This will not be gained by elevating anyone to the presidency of the republic, because the government, whatever its form—republican or monarchical—can never be on the side of the people. The government’s mission is to guard the interests of the rich. In thousands of years, there has not been a single case in which a government has put its hands upon the property of the rich to deliver it to the poor. On the contrary, wherever government has been seen and wherever it is seen, the government makes use of force to repress any attempt of the poor to better their situation. Remember Rio Blanco, remember Cananea, where the bullets from the government soldiers smothered in blood, in the throats of the proletarians, the voices that asked for bread; remember Papantla, remember Juchitán, remember the Yaqui, where the machine guns and rifles of the government decimated the energetic inhabitants who refused to deliver to the rich the lands which gave them subsistence.&n
These experiences should serve to show you never to entrust to anyone the task of delivering your liberty and wellbeing. Learn from the noble proletarians of the south of Mexico. They do not aspire to elevate a new tyrant so that their hunger will be mitigated. Valiant and noble, they don’t ask; they take. Before the women and children who ask for bread, they don’t wait for a Carranza or a Villa to rise to the presidency and to give them what they need; rather, valiantly and nobly, with gun in hand, in the thunder of combat and the flashes of the incendiary, they yank from the haughty capitalist his life and riches.

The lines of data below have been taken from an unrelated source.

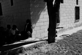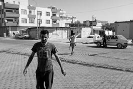 Akcakale, Turkey, 2019. People hide and watch near the border...
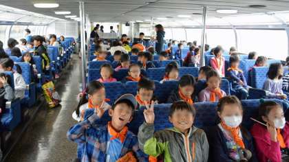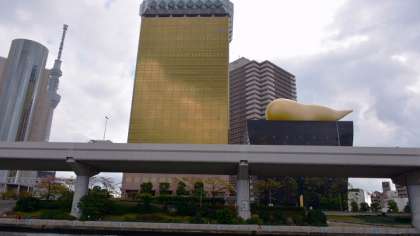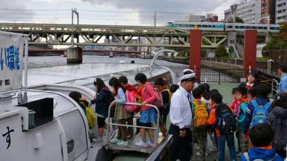 浅草の見学を無事終えて、次は浅草二天門の桟橋から、貸し切りの水上バスに乗って、隅田川を下り、お台場まで行きます。わくわくしている子どもたちです。出発してすぐ、有名な金色のビルとスカイツリーが見えました。
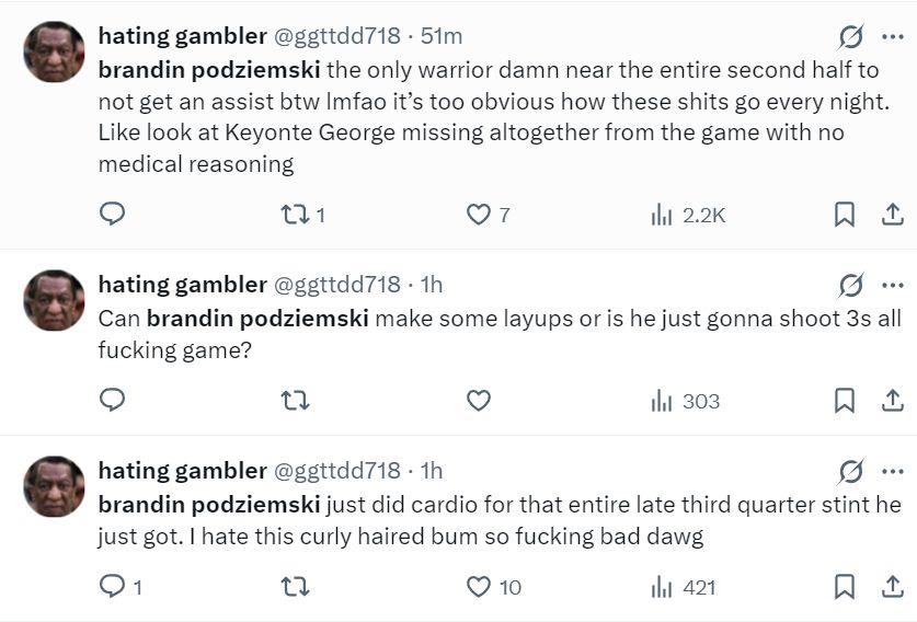 勇士球迷实在是忍无可忍的开喷了:波杰姆斯基这个家伙整个下半场就1次助攻简直太离谱了,这家伙为了数据每一晚的套路实在是太明显了令人想笑。完全不懂突破,只会在外面飘着投篮,我真XX的讨厌这个卷发的混蛋。
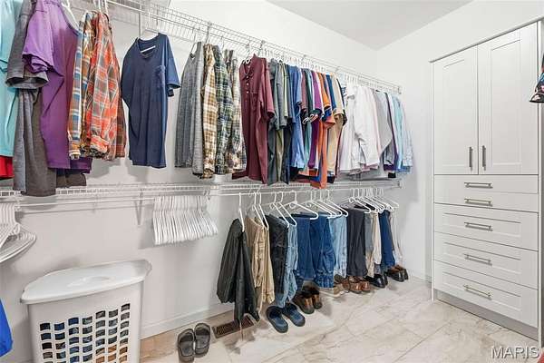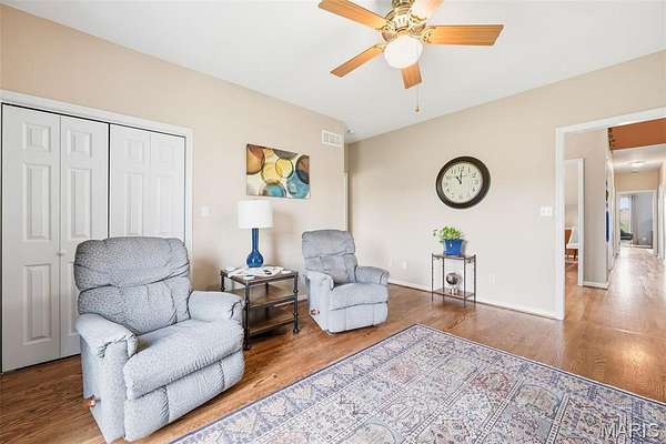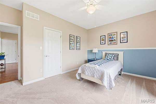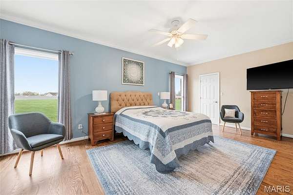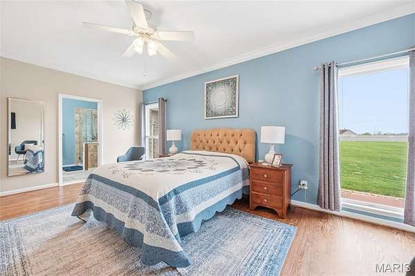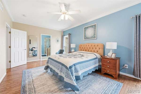 Each bedroom includes a walk-in closet, while the primary suite stands out with crown molding and a refined, comfortable atmosphere. Hardwood flooring flows through the home, adding warmth and durability.
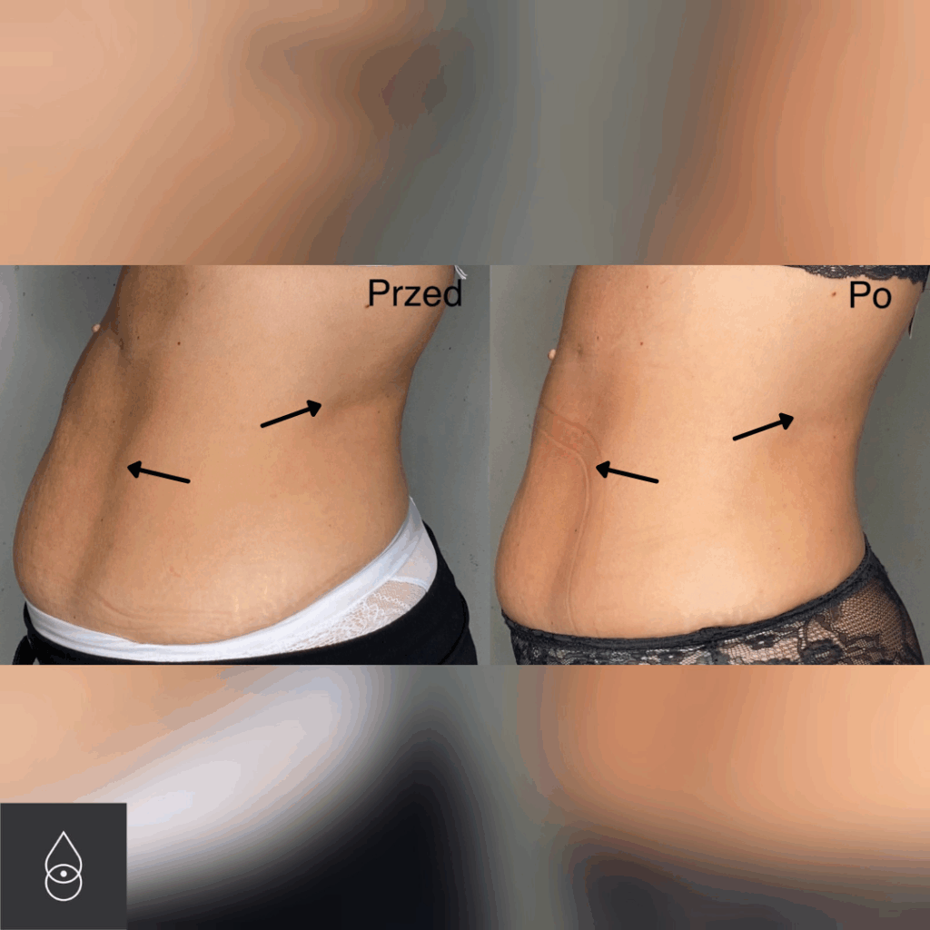 Efekty: po ok. 3 tygodniach widoczne wygładzenie i uniesienie skóry, redukcja tkanki tłuszczowej
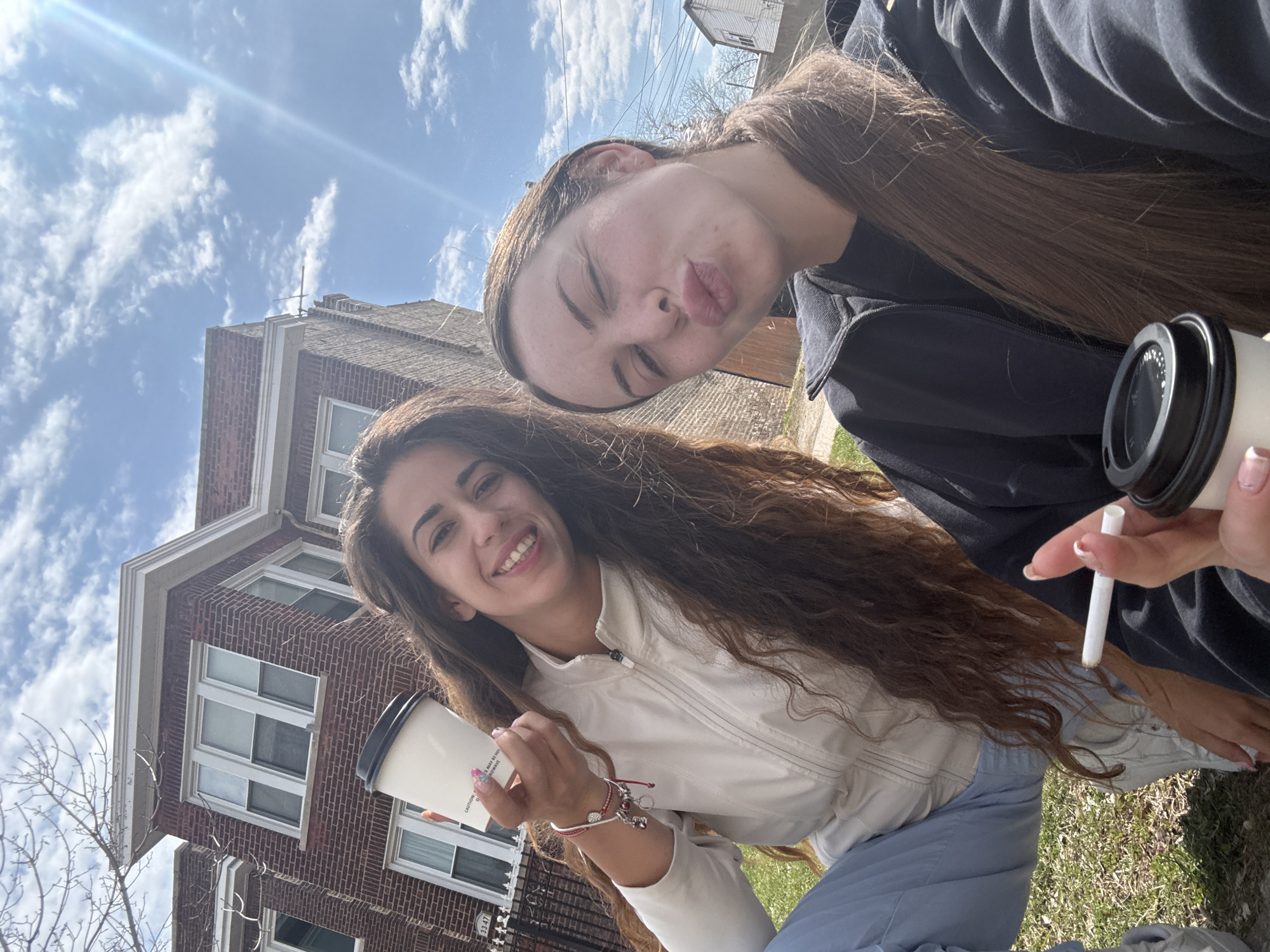 Two young women are outdoors on a sunny day. The woman in the foreground is smiling and holding a white cup with a black lid. She is wearing a light-colored jacket and blue pants. Her long, brown hair is flowing. The other woman is making a kissing face. She is wearing a dark jacket and has long, brown hair. She is holding a white cigarette in her hand and a black cup with a white lid. They appear to be sitting on the ground in front of a red brick building with white-framed windows. The sky is blue with scattered clouds. The building has the street address "3347" on it, which is consistent with the street addresses found on the 3300 block of North Clark Street, in the Lakeview neighborhood of Chicago, Illinois.

They do not wait for a caudillo to rise up who will give them something to eat. Intelligent and dignified, they destroyed the titles to property, tore down the fences, and put their productive hands upon the earth. To ask is for cowards; to take is the work of men. On our knees we can arrive at death, not life. Let us rise.
Let us rise, and with the shovel that now serves to pile up gold for our masters, let us split their skulls in two, and with the sickle that weakly cuts off ears of corn, let us cut off the heads of the bourgeoisie and the tyrants. And above the smoldering embers of this damned system, let us plant our banner, the banner of the poor, to the cry of Land and Liberty!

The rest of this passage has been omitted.